Albert Catalan-Tatjer, Niccolò Ajroldi, Jonas Geiping
arXiv (2025)
Pretraining Benchmark

📝 Paper Summary

Post-training quantization (PTQ) Training dynamics of Large Language Models
The degradation of Large Language Models during post-training quantization is driven by sharp learning rate decays and loss landscape curvature, rather than dataset size or training duration.
Core Problem
Existing studies claim that training LLMs on larger datasets inherently increases their susceptibility to quantization errors, suggesting a conflict between model scaling and deployment efficiency.
Why it matters:
  • Discourages training models for longer durations if they are intended for low-bit deployment
  • Current scaling laws for quantization (e.g., Kumar et al., 2024) may be confounding training duration with optimization dynamics (learning rate decay)
  • Quantization brittleness limits the deployment of high-performance models on commodity hardware
Concrete Example: In the SmolLM3 training run, quantization error remains low and stable for 11 trillion tokens of training, but spikes abruptly only when the learning rate begins to decay, contradicting the idea that token count alone drives degradation.
Key Novelty
Learning Rate Decay as the Driver of Quantization Brittleness
  • Disentangles 'training duration' from 'optimization dynamics' by showing that quantization error spikes specifically during the learning rate annealing phase (decay), not simply as more data is seen
  • Demonstrates that maintaining a higher learning rate (via Warmup-Stable-Decay schedules) keeps quantization error low compared to Cosine schedules
  • Identifies 'Model Soups' (weight averaging) as a technique to reverse quantization degradation, yielding lower errors than individual checkpoints
Evaluation Highlights
  • Comprehensive analysis of quantization error across training trajectories of 6 open-source model families (up to 32B parameters and 15T training tokens)

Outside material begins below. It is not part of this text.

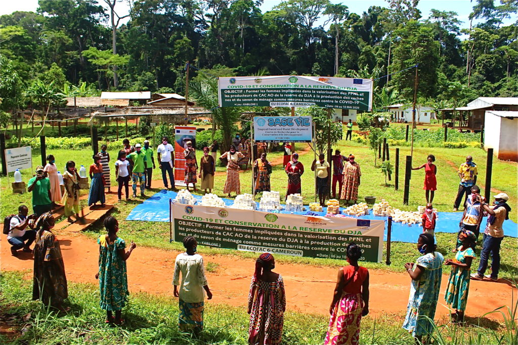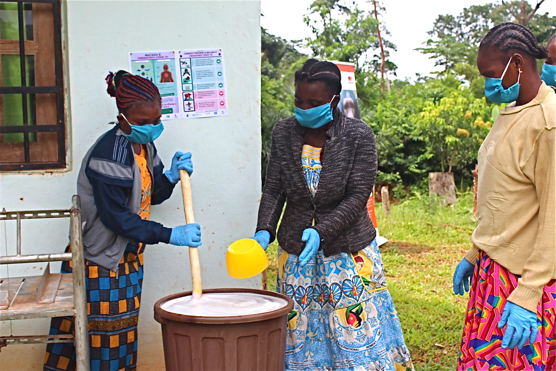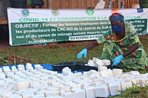 COVID-19:ECOFAC 6 aide les communautés locales à prévenir le coronavirus, les femmes de la Boucle du Dja en action.

  • Controlled experiments up to 100B tokens isolate learning rate effects, refuting prior claims that data scale inherently causes degradation
  • Demonstrates that Model Soups (averaging checkpoints) consistently reduce post-training quantization error compared to constituent models in OLMo2 and SmolLM3 families
Breakthrough Assessment
8/10
Significantly challenges the prevailing wisdom on quantization scaling laws. By identifying learning rate schedules as the true cause of brittleness, it offers actionable recipes (WSD schedules, soups) to improve deployment efficiency.